Krishna names what we'd today recognise as integrated contemplative practice — bringing the senses, the breath, and the vital energy together into a single disciplined fire kindled by understanding. This isn't casual; this is systematic yoga. Think pranayama, meditation, sustained sensory withdrawal — practices that involve the whole psychosomatic system, not just thinking about things. What distinguishes this from the earlier forms is the demand for unity. You're not just controlling behaviour, not just withdrawing senses, not just being grateful while engaged — you're bringing your senses, your breath, your attention, and your vital energy into the same disciplined field at the same time. That's why it requires 'jnana-dīpite' — kindled by knowledge. Without real understanding driving the practice, this kind of integrated work either falls apart or becomes mere technique without transformation. The combination is potent: practices grounded in real seeing, sustained over time, that work the whole system rather than just the surface mind. For us: if you have a serious meditation or breath practice, this verse names what's actually happening. You're using your attention to bring multiple usually-separate channels (breath, sensation, mind) into one place. The fire of that integration, when knowledge feeds it, burns through residue and conditioning in a way that more partial practices cannot. If you don't have such a practice and feel drawn to one, this verse honours that calling. The Gita isn't dismissing systematic discipline; it's including it among the yajnas. The principle is still offering — but here, the offering is more comprehensive: your whole energetic system, given to the practice itself.
What does Bhagavad Gita 4.27 teach today's generation (Gen Z & millennials)?
Krishna names what we'd today recognise as integrated contemplative practice — bringing the senses, the breath, and the vital energy together into a single disciplined fire kindled by understanding. This isn't casual; this is systematic yoga. Think pranayama, meditation, sustained sensory withdrawal — practices that involve the whole psychosomatic system, not just thinking about things. What distinguishes this from the earlier forms is the demand for UNITY. You're not just controlling behaviour, not just withdrawing senses, not just being grateful while engaged — you're bringing your senses, your breath, your attention, and your vital energy into the same disciplined field at the same time. That's why it requires 'jnana-dīpite' — kindled by knowledge. Without real understanding driving the practice, this kind of integrated work either falls apart or becomes mere technique without transformation. The combination is potent: practices grounded in real seeing, sustained over time, that work the whole system rather than just the surface mind. For us: if you have a serious meditation or breath practice, this verse names what's actually happening. You're using your attention to bring multiple usually-separate channels (breath, sensation, mind) into one place. The fire of that integration, when knowledge feeds it, burns through residue and conditioning in a way that more partial practices can't. If you don't have such a practice and feel drawn to one, this verse honours that calling. The Gita isn't dismissing systematic discipline; it's including it among the yajnas. The principle is still offering — but here, the offering is more comprehensive: your whole energetic system, given to the practice itself.

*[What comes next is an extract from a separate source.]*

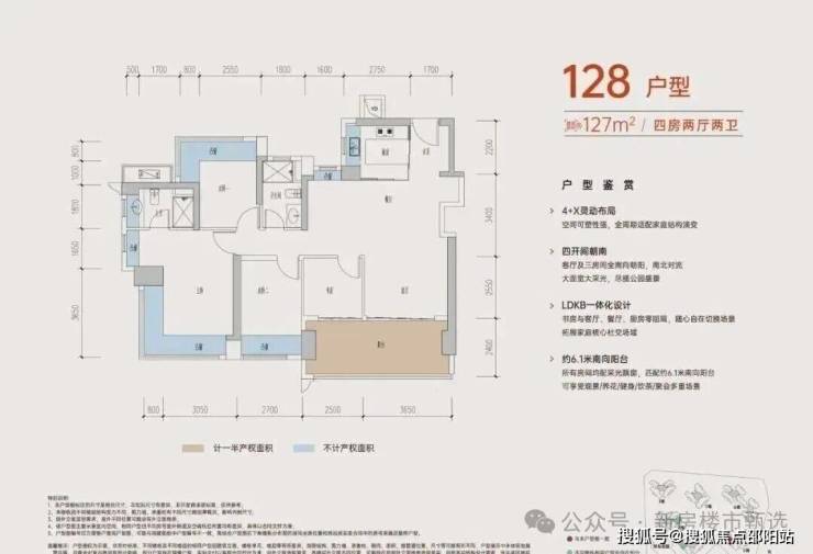 四开间南向采光,约6米开间阳台,客厅与次卧可拓展,双L型飘窗,多面采光通透舒适,开阔视野 、无遮挡、看公园景观

What does Bhagavad Gita 4.27 mean explained simply for kids?
Krishna shares another beautiful kind of practice: some people quietly bring EVERYTHING they have — what they see, hear, feel, smell, taste, and even their breath! — into a special focused practice, like a beautiful fire of attention and wisdom. This is what people who do deep yoga and meditation do. They use everything in them as a way to grow wiser and more peaceful. It's not better or worse than other ways — it's just another wonderful path that uses your whole self together!
Related shlokas
Chapter context
Krishna reveals the lineage of this yoga and the principle of divine incarnation (avatara) — descending age after age to restore dharma. He explains action in inaction, various forms of sacrifice, and the supremacy of the sacrifice of knowledge.